76 / 2026-04-05 18:41:50

PanCan3DAtlas: A Pan-cancer 3D Genome Database Revealing Loop-Mediated Regulation and Structural Variation-Driven Chromatin Rewiring

3D genome,Gene regulatory network,Structural variations (SVs),Pan-cancer,multi-omics integrative analysis,Database,Non-coding Variants

Three-dimensional (3D) genome organization plays a key role in transcriptional regulation; however, its systematic characterization across cancer types remains limited. Here, we present PanCan3DAtlas, a comprehensive pan-cancer multi-omics database integrating Hi-C, ATAC-seq, H3K27ac ChIP-seq, and RNA-seq data from tumor and normal samples processed through a unified analytical pipeline, enabling systematic comparison of tumor–normal differences. At the 3D genome level, we performed multi-layered analyses of chromatin compartments, topologically associating domains (TADs), and chromatin loops, identifying cancer type-specific and pan-cancer conserved chromatin features. By integrating multi-omics data to functionally annotate chromatin loops, we constructed enhancer–gene interaction networks that define the 3D regulatory landscape across cancer types.
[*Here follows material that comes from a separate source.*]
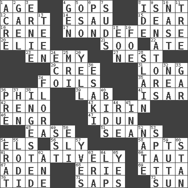 ACROSS 1. Personal question 4. Republicans 8. Is not 12. Draw slowly or heavily 14. Son of Isaac 15. Letter starter 16. French philosopher Descartes 17. Unrelated to defense, as in spending 20. Writer Wiesel 21. "Barney Miller" actor Jack 22. Had dinner 23. Foe 27. Egg locale 29. Algonquian 31. Protracted 34. Fencing necessities 35. Type of rug 36. Silvers or Donahue 39. Experiment locale 41. Austrian river, tributary to the Danube 42. Western Nevada city 43. Japanese brewing company 46. Engineer (abbr.) 47. Goddess of spring and wife of Bragi 48. Relaxation 51. Seines 54. Raised railways 56. Wily 58. Tenement units (abbr.) 61. Producing rotation 66. Drawn tight 67. An important port of Yemen 68. 4th largest of the Great Lakes 69. Singer James 70. Periodic rise and fall of the sea level 71. Plant excrements 72. Player for Phoenix DOWN 1. Measure of real estate 2. Highlander 3. Bert's buddy 4. Commissioned mil. rank 5. Bear (Spanish) 6. Baking dish 7. Soap bubbles 8. Binary compound 9. Legislators 10. Political cartoonist Thomas 11. Family _ (genealogy) 13. Adolescent 18. Age 19. Enemy 24. Environmental prefix 25. Medical imaging device (abbr.) 26. Shout 28. Killed 30. 1973 Nobel Price Winner (Physics) Leo 32. Teachers' org. 33. Slender fish 34. Plants 36. Before (prefix) 37. Layer 38. Consumed 40. Auction offers 44. Regret 45. _ tizzy (2 wds.) 49. Fast jet (abbr.) 50. Connecticut Ivy Leaguer 52. Nathan's nickname 53. Arguments over trivial matters 54. Part of Q.E.F. 55. Farming town in central California 57. Jacques Cousteau's middle name 59. Ballerina skirt 60. Comedian Laurel of Laurel & Hardy 62. One (Scot) 63. Period 64. Mouth edge 65. Affirmative reply

To demonstrate the utility of PanCan3DAtlas, we used chromatin loops to spatially annotate somatic mutations and identify their potential distal target genes, showing that non-coding mutations can regulate gene expression through 3D genomic interactions. In addition, structural variation (SV) analysis based on Hi-C data was conducted to characterize SV-associated chromatin reorganization, especially loop rearrangements, revealing genes recurrently affected by structural alterations across cancers.

All data and analytical results are integrated into an online platform, enabling interactive visualization and querying of pan-cancer multi-layered 3D genomic information. The platform provides three main functions: (1) gene and genomic region annotation, allowing users to explore 3D interaction networks in specific cancers or across pan-cancer; for gene queries, the platform identifies whether the queried gene functions as a hub within the tumor 3D regulatory network, and displays tumor–normal differences in gene expression and epigenomic signals across cancer types; (2) structural variation module, presenting SV events and their associated target genes affected by 3D chromatin remodeling; (3) sample-level exploration, providing integrated visualization of Hi-C contact maps, epigenomic signal tracks, and gene expression data.

In summary, PanCan3DAtlas integrates multi-omics and 3D genomic data into a unified and accessible resource, enabling systematic investigation of spatial chromatin organization, structural variation, and their regulatory impacts across cancers, and providing a valuable platform for pan-cancer 3D genome research and functional interpretation of non-coding variants.